# Houston Monthly Herf No. 6



## Incognito-cl (Feb 13, 2007)

*Photos from the Event:*
*http://www.cigarlive.com/forum/gallery/herf06/*


----------



## Incognito-cl (Feb 13, 2007)

Houston Monthly Herf No. 6

Just a few shots from the signing and such... I didn't shoot much that night since I was exhausted from the long day...

*Photos from the Event:*
*http://www.cigarlive.com/forum/gallery/herf06/*

Theres a small Previous, Play and Forward button at the bottom right hand portion of the page. If you click Play, the slide show will start and you can just sit back and view the images....


----------



## stlcards (Sep 14, 2007)

Nice pics Abel.


----------



## smokinj (Jan 16, 2008)

Thanks for the great shots!


----------



## Maduro PiPs (Jul 5, 2007)

great pics! but that is the same girl from the ad?????


----------



## mjohnsoniii (Sep 9, 2007)

frickin sweet, Abel. Thanks!


----------



## CHRIS7891011 (Apr 1, 2007)

haha friggin sweet.


----------



## Phil_Tha_Agony (Jan 12, 2008)

Nice pictures, had a blast that night!


----------



## genettim (May 15, 2007)

I guess I better dig out my camera and post my pictures too, eh? Great shots Abel!


----------



## baba (Nov 5, 2007)

Wow! What good looking crock posts!


----------



## g8trbone (Apr 26, 2007)

Great pics Abel. 

She seemed so disinterested in being there... or some sort of worried look on her face.


----------



## JoeyBear (Jul 31, 2007)

Airbrushing is an amazing thing. She's attractive, but looks exactly the same in each pic...nothing, other than a whisp of hair changed. Was she interesting to talk with?

The pics are awesome!


----------



## cybervee-cl (Oct 24, 2007)

Woa ..... don't let my wife see that diamond bracelet on her wrist


----------



## Cypress (Jun 27, 2007)

Darren, nice pic with you and Rachael. I need to frame that one for you.


----------



## chubzerous (Jun 9, 2007)

Once again looks like y'all had a great time!


----------



## alanf (Jan 12, 2007)

Very nice.

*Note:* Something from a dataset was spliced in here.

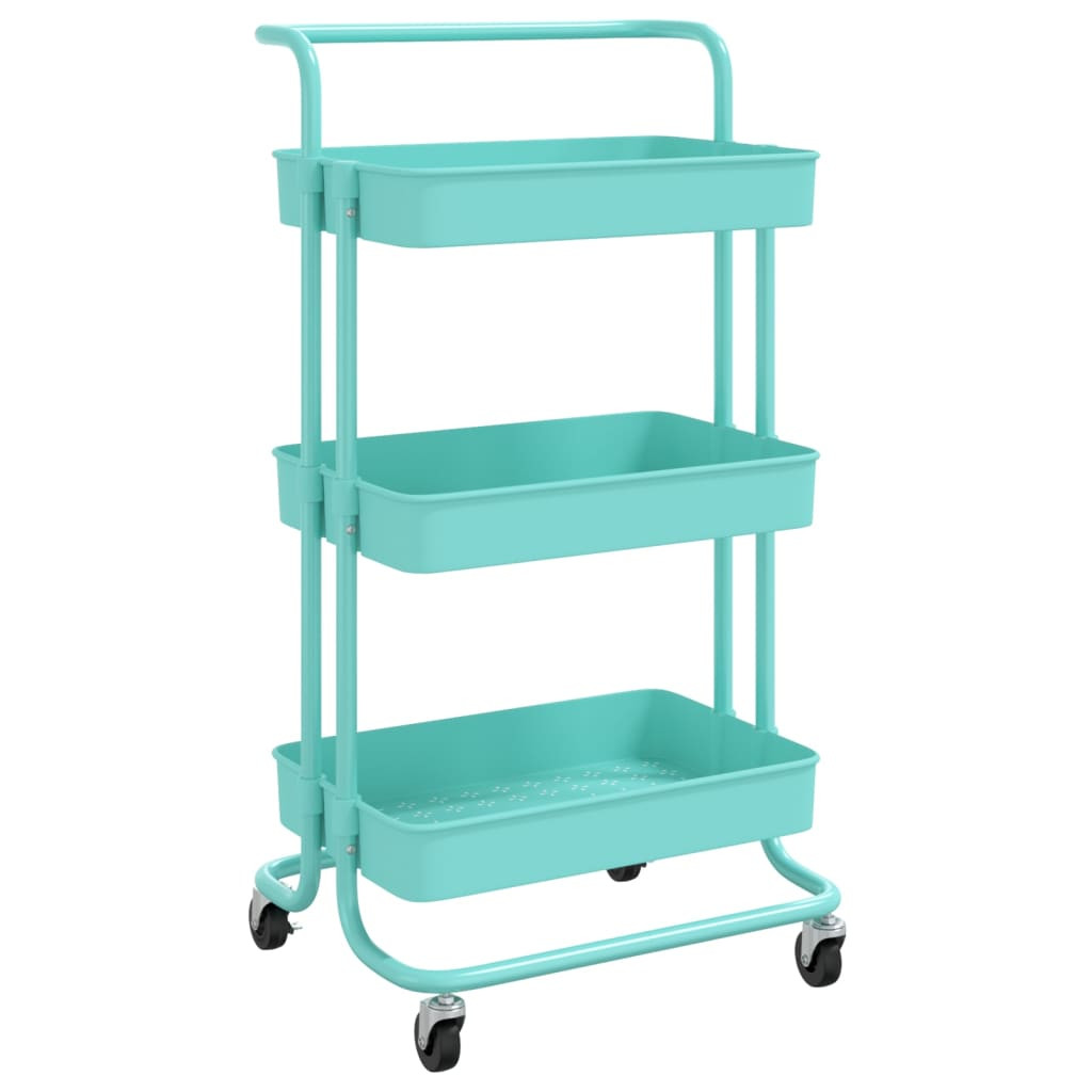 türkiz 3 szintes vas és ABS konyhai kerekes kocsi 42x35x85 cm

Looks like a good time with some, ah, interesting company.


----------



## howland1998 (Dec 17, 2007)

Wish i was there.


----------



## sofaman (Jun 20, 2007)

Makes me want to move to Texas


----------



## Maduro PiPs (Jul 5, 2007)

JoeyBear said:


> Airbrushing is an amazing thing.


You got that right Joey!


----------



## thegraduate-cl (Jul 3, 2007)

g8trbone said:


> She seemed so disinterested in being there... or some sort of worried look on her face.


thats the first thing i noticed. she seems worried.

looks like it was a blast though, and some good cookin'


----------



## tx_tuff (Jun 16, 2007)

Abel you always have great pix!


----------



## Architeuthis (Mar 31, 2007)

Frank! You're supposed to be asleep! <G>


----------



## tx_tuff (Jun 16, 2007)

Not on Mondays


----------



## mphilipp (Jul 19, 2007)

Looked to be another fantastic showing for the monthly herf. Always nice to look at the photos from everyone attending. I hope to be able to make the next one.


----------



## Darren's Godiva (Jul 16, 2007)

Abel you take great pics. Darren looks way too happy in his pic. j/k


----------



## patefengreen (Sep 27, 2007)

baba said:


> Wow! What good looking crock posts!


Oh baby, you got that right! They were smokin'!  The pin-up girl was okay, but she didn't have nothing on those crocks!!! (just kidding fellas)

Thanks for the pix, Abel. And thank you so much for printing the 5x7's for Rachel to sign and hand out to everyone! Very generous and thoughtful and added a little extra something to the event. You get a great big E for your effort! Nice!


----------



## mhlatke (Oct 13, 2007)

Thanx for great pics of what looks like a fun event!


----------



## Incognito-cl (Feb 13, 2007)

thanks for the comments guys.... 

...and for those that are wondering, Rachael is very nice and very talkative. Lisa and Diana had nothing but good things to say about her after their talks at the event. she was very excited to be there for the signing, i think she may have been even a bit shy that night. go figure.

she'll be at the Cigar Cigar event this thursday as well, we spoke to her today and she was very excited to do another signing even on such short notice. she's a trooper!


----------



## genettim (May 15, 2007)

Well, not to steal any of your thunder, Abel, but I wanted to put up some of my own shots from Saturday night... heck, If I remember correctly, you actually took a couple of these yourself! Ooh, and look - I even managed to get you in the third one!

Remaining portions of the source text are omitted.